[The data — start]
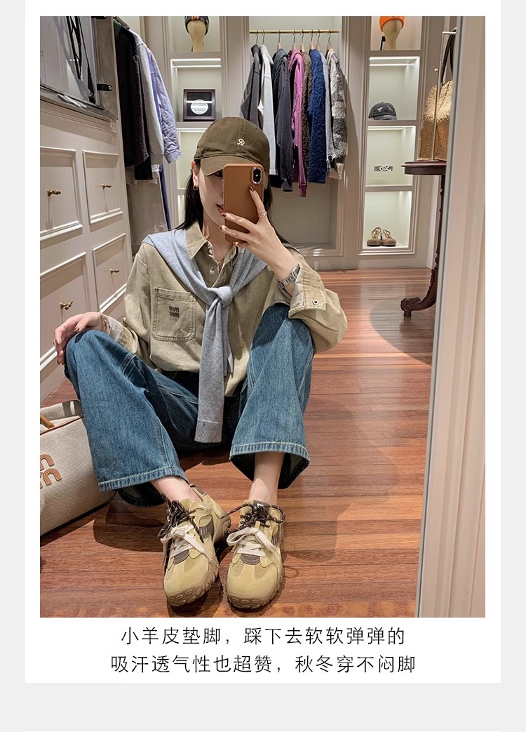 진짜 가죽 레트로 만다린 오리 두꺼운 단독 높이 증가 독일 훈련 신발 여성의 2025 봄 새로운 포레스트 검프 신발 캐주얼 운동화스토어 가기
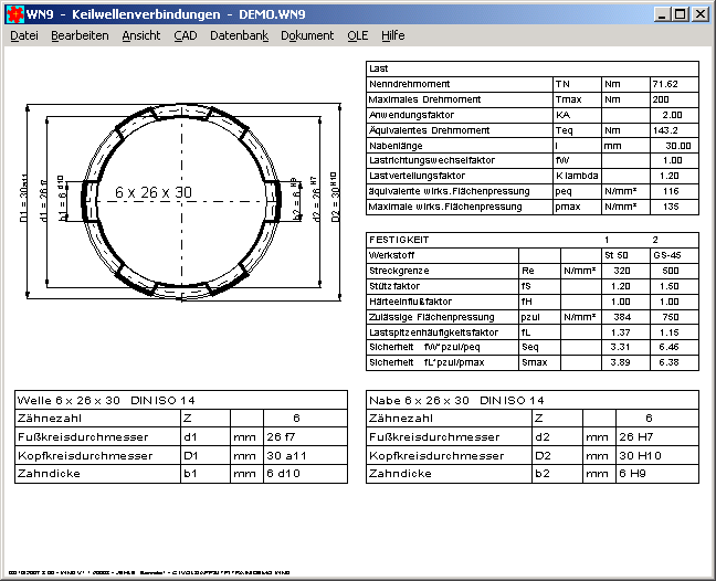 Aus Drehmoment, Material- und Anwendungsdaten berechnet WN9 Sicherheiten gegen Überschreitung der zulässigen Flächenpressung.
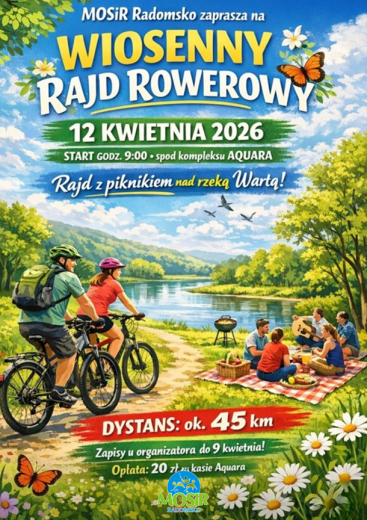 Miejski Ośrodek Sportu i Rekreacji w Radomsku już teraz zaprasza na wiosenny rajd rowerowy połączony z piknikiem nad rzeką Wartą 🚴♀️🌊🌳
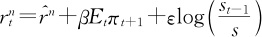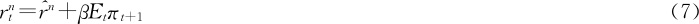 其中, β 总是大于1,这样当预期通货膨胀率变动一个百分点时,央行提高名义利率的幅度就超过一个百分点,这就能保证在预期通货膨胀率提高时实际利率也相应提高,起到稳定经济的作用。
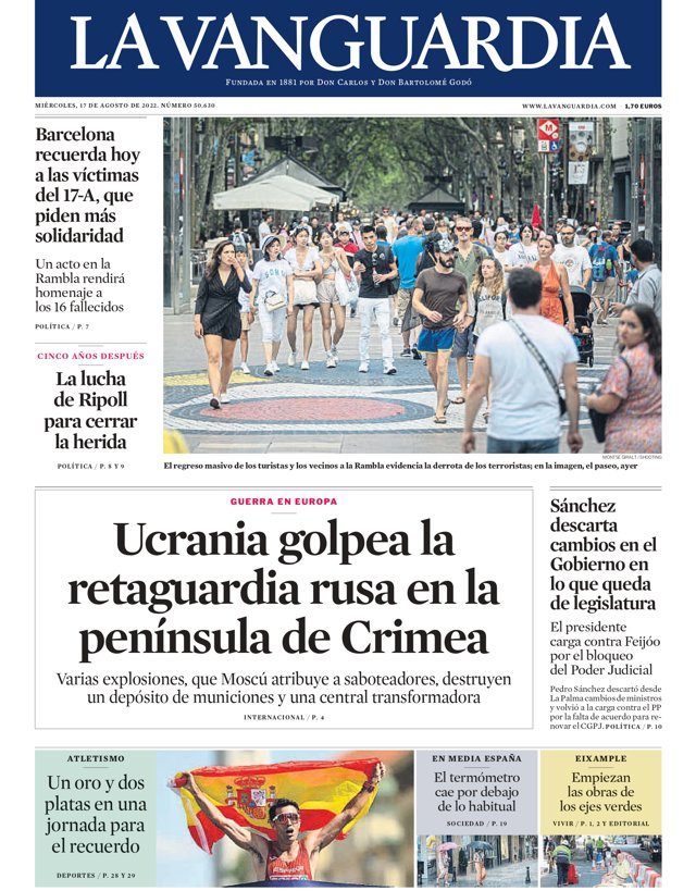 LA VANGUARDIA: "Barcelona recuerda hoy a las víctimas del 17-A, que piden más solidaridad"; "La lucha de Ripoll para cerrar la herida"; "Ucrania golpea la retaguardia rusa en la península de Crimea"; "Sánchez descarta cambios en el Gobierno en lo que queda de legislatura"; "Un oro y dos platas en una jornada para el recuerdo"; "El termómetro cae por debajo de lo habitual".
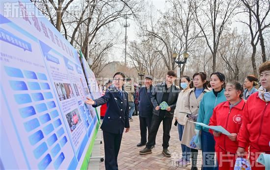 2024年4月8日,民警在昌吉回族自治州总体国家安全观主题公园向群众宣传国家安全相关知识。
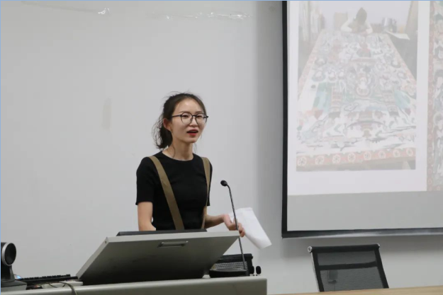 秦月语师姐首先跟大家分享了古壁画专业的相关知识,以《普贤变》为例,画壁画是非常需要耐心的,因为从做地仗开始就是个仔细活,一切都要手工制作,步骤复杂,程序繁多。在绘制上同学们有很多问题,学姐也孜孜不倦的为同学们讲述每一个步骤,解决每一个问题,现场反响非常热烈,积极讨论,为将来的学习奠定一定的基础。不仅如此,月语师姐还为学弟学妹们分享了有关考研的经验,很多同学要面临考研的压力,月语师姐为大家带来了满满的考研干货,也为马上就要进入紧张考研复习的同学加油鼓劲。
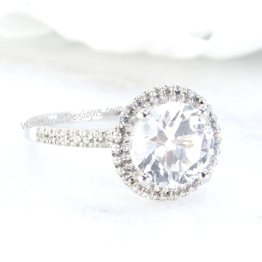 Anello di fidanzamento Halo rotondo con zaffiro bianco, 2 ct, 8 mm, argento 925 con rodio, matrimonio, regalo di anniversario, cestino, 2 carati, pronto per la spedizione
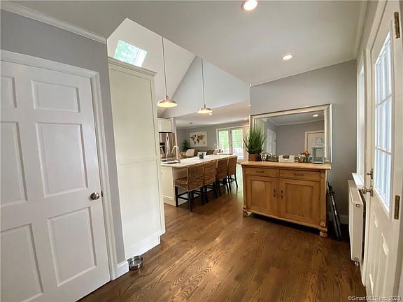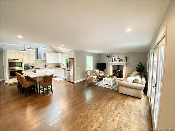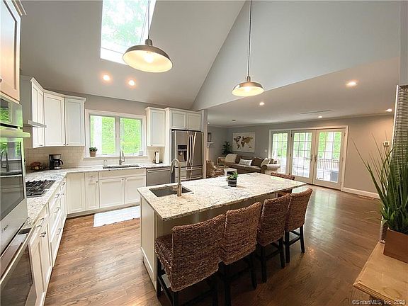TURNKEY. Completely renovated & expanded cape with a chic vibe. Re-designed kitchen great room, new baths, new windows, new roof, new HVAC, oversize 2-car garage addition with unfinished space above, new driveway, new deck, new landscaping and stone wall enclosing the property, french doors to a sunny deck. The light-filled walk-out lower level includes a playroom, gorgeous full bath and 4th bedroom or bonus room with fireplace. There is nothing to do here but bring your furniture in & start enjoying this great house!
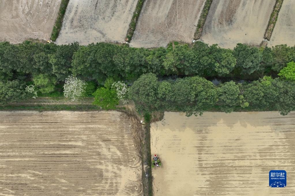 4月18日,在江蘇鎮(zhèn)江句容市天王鎮(zhèn)戴莊村,村民駕駛插秧機(jī)進(jìn)行早稻插秧工作(無(wú)人機(jī)照片)。
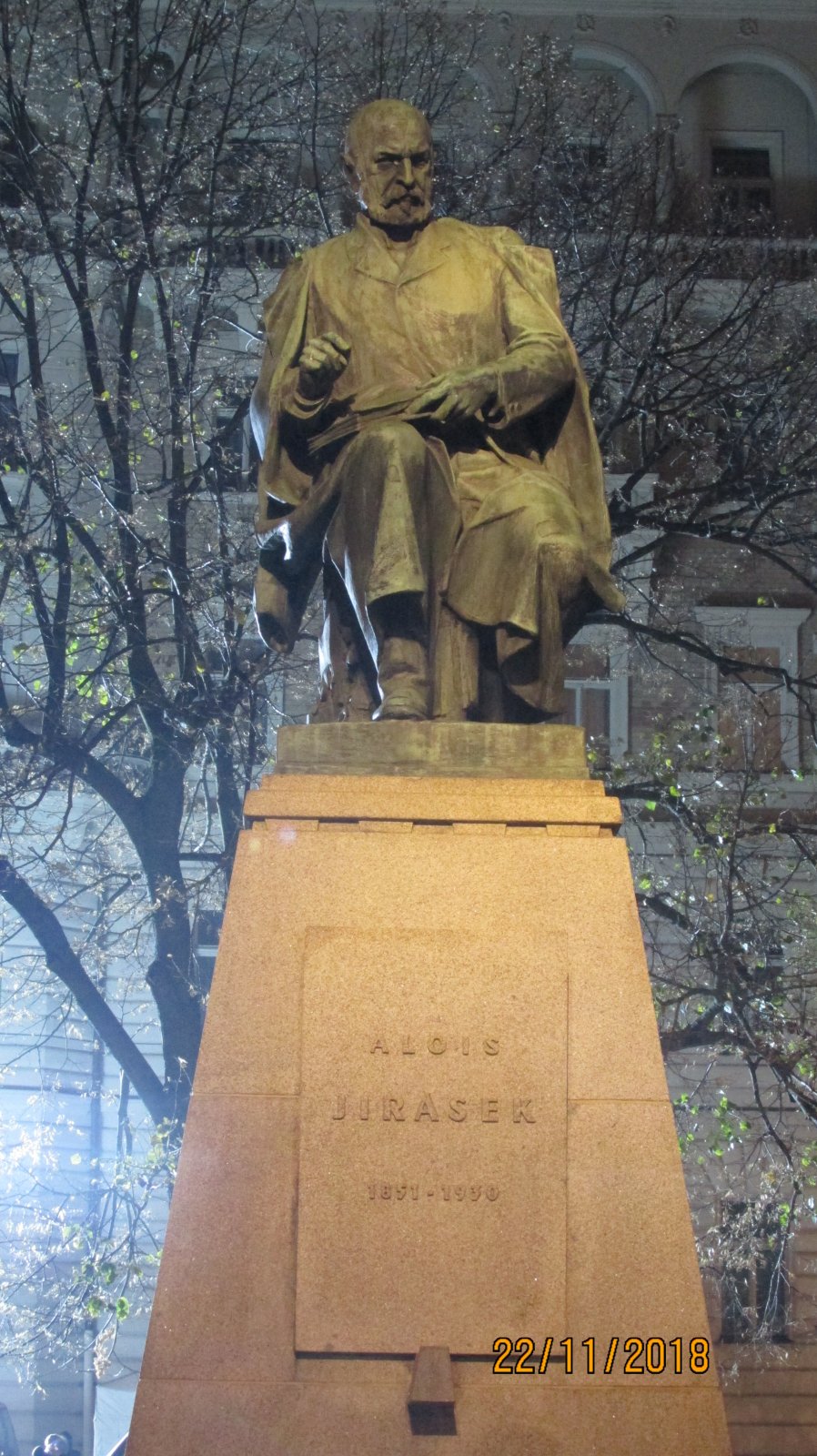 Podvečer u Jiráska a Tančícího domu 22.11.2018 Jiráskův pomník stojí jak jinak na Jiráskově náměstí a v blízkosti Tančícího domu (na rohu Rašínova náměstí).
[The data — finish]
The answer must be the listing above, restated word for word, with no images in it.

Your solution>
 진짜 가죽 레트로 만다린 오리 두꺼운 단독 높이 증가 독일 훈련 신발 여성의 2025 봄 새로운 포레스트 검프 신발 캐주얼 운동화스토어 가기
 Aus Drehmoment, Material- und Anwendungsdaten berechnet WN9 Sicherheiten gegen Überschreitung der zulässigen Flächenpressung.
 Miejski Ośrodek Sportu i Rekreacji w Radomsku już teraz zaprasza na wiosenny rajd rowerowy połączony z piknikiem nad rzeką Wartą 🚴♀️🌊🌳
 其中, β 总是大于1,这样当预期通货膨胀率变动一个百分点时,央行提高名义利率的幅度就超过一个百分点,这就能保证在预期通货膨胀率提高时实际利率也相应提高,起到稳定经济的作用。
 LA VANGUARDIA: "Barcelona recuerda hoy a las víctimas del 17-A, que piden más solidaridad"; "La lucha de Ripoll para cerrar la herida"; "Ucrania golpea la retaguardia rusa en la península de Crimea"; "Sánchez descarta cambios en el Gobierno en lo que queda de legislatura"; "Un oro y dos platas en una jornada para el recuerdo"; "El termómetro cae por debajo de lo habitual".
 2024年4月8日,民警在昌吉回族自治州总体国家安全观主题公园向群众宣传国家安全相关知识。
 秦月语师姐首先跟大家分享了古壁画专业的相关知识,以《普贤变》为例,画壁画是非常需要耐心的,因为从做地仗开始就是个仔细活,一切都要手工制作,步骤复杂,程序繁多。在绘制上同学们有很多问题,学姐也孜孜不倦的为同学们讲述每一个步骤,解决每一个问题,现场反响非常热烈,积极讨论,为将来的学习奠定一定的基础。不仅如此,月语师姐还为学弟学妹们分享了有关考研的经验,很多同学要面临考研的压力,月语师姐为大家带来了满满的考研干货,也为马上就要进入紧张考研复习的同学加油鼓劲。
 Anello di fidanzamento Halo rotondo con zaffiro bianco, 2 ct, 8 mm, argento 925 con rodio, matrimonio, regalo di anniversario, cestino, 2 carati, pronto per la spedizione
TURNKEY. Completely renovated & expanded cape with a chic vibe. Re-designed kitchen great room, new baths, new windows, new roof, new HVAC, oversize 2-car garage addition with unfinished space above, new driveway, new deck, new landscaping and stone wall enclosing the property, french doors to a sunny deck. The light-filled walk-out lower level includes a playroom, gorgeous full bath and 4th bedroom or bonus room with fireplace. There is nothing to do here but bring your furniture in & start enjoying this great house!
 4月18日,在江蘇鎮(zhèn)江句容市天王鎮(zhèn)戴莊村,村民駕駛插秧機(jī)進(jìn)行早稻插秧工作(無(wú)人機(jī)照片)。
 Podvečer u Jiráska a Tančícího domu 22.11.2018 Jiráskův pomník stojí jak jinak na Jiráskově náměstí a v blízkosti Tančícího domu (na rohu Rašínova náměstí).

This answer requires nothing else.